MACHINE DATA DRIVES INNOVATION
The worlds of sensors, automation, machine learning, computing and communications are each changing rapidly, while at the same time converging into an entirely new era of digital innovation. As network, software and digital technologies continue to invade the physical world of sensors, machines and manufacturing, leadership in many industrial organizations is recognizing the significant value created from extracting and leveraging the machine data and usage information from their equipment, systems and organizations.

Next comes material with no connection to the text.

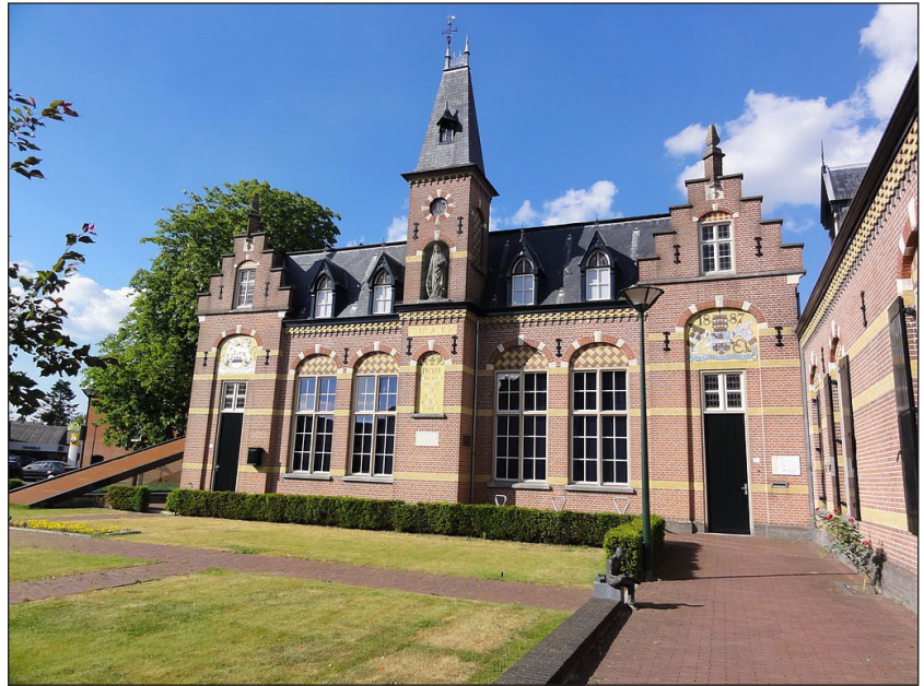
° De voormalige Commanderie en Latijnse school van Gemert

Tijdens deze 'Dag van de Brabantse Volkscultuur',

As organizations become more “digitally mature,” new manufacturing and process innovations will be self-organized by people and companies who are motivated to explore and develop innovative operating models. Collaborative innovation will extend beyond just ideas about producing products to the very manner in which business is conducted.
Industrial Digital Maturity
Source: Harbor Research, Inc.
Today, mission-critical industries including manufacturing, utilities, oil & gas and mining are all being disrupted by digital and IIoT technologies. Incumbents are quickly realizing that in order to address this wave of digital innovation, they will have to completely re-think how technology will impact their operations.
DISCOVERING DIGITAL INNOVATION OPPORTUNITIES
New digital and IIoT technologies are driving a multi-year wave of innovations based on the convergence of embedded software, machine intelligence and networked data collection and analytics. Inside such systems, reliable and blindingly fast microprocessors do what they are very good at doing (and what people are very bad at doing): digesting billions of data-points, talking to each other about the data, controlling each other based upon the state of the data. All in a matter of nanoseconds.
Human beings cannot do this, nor should they; this incessant stream of ongoing business information should be “invisible” to people. At the same time, all this invisible machine activity makes the state of (i.e., the information about) a business’s assets, costs, and liabilities vastly more visible to managers and to the decision-making process—when decision-makers need or want to know.
Industrial Digital Applications and Use Cases
Source: Harbor Research, Inc.
If you applied this vision in a practical way to business, it might simply be called “automation.” But we don’t mean the automation of just machines and equipment. We have that today. Instead, such systems will open an entirely new portfolio of “killer apps” that will transform the way business is done across the industrial landscape, and profoundly improve customer satisfaction, operating costs, flexibility and more.
UNDERSTANDING INDUSTRIAL DIGITAL APPLICATIONS & USE CASES
Digital innovation is not just about the dichotomy between people communicating with people or machines communicating with machines. It also includes people communicating with machines (e.g., a networked robot) and machines communicating with people (e.g., automated work instructions). Digital and IIoT innovations’ most profound potential lies in their ability to connect diverse smart sensors, machines and equipment into more intelligent, aware and adaptive systems that will enable a whole new generation of manufacturing capabilities.
Digital Innovation Process and Success Factors
Source: Harbor Research, Inc.
Digital innovation is driven by networks, software, data and analytics enabling the integration and exchange of machine, operations and business data to generate insight and achieve performance-driven outcomes. Asset, process and production systems data is collected and combined with business system data to diagnose, predict, prevent and optimize equipment, processes and events associated with manufacturing operations.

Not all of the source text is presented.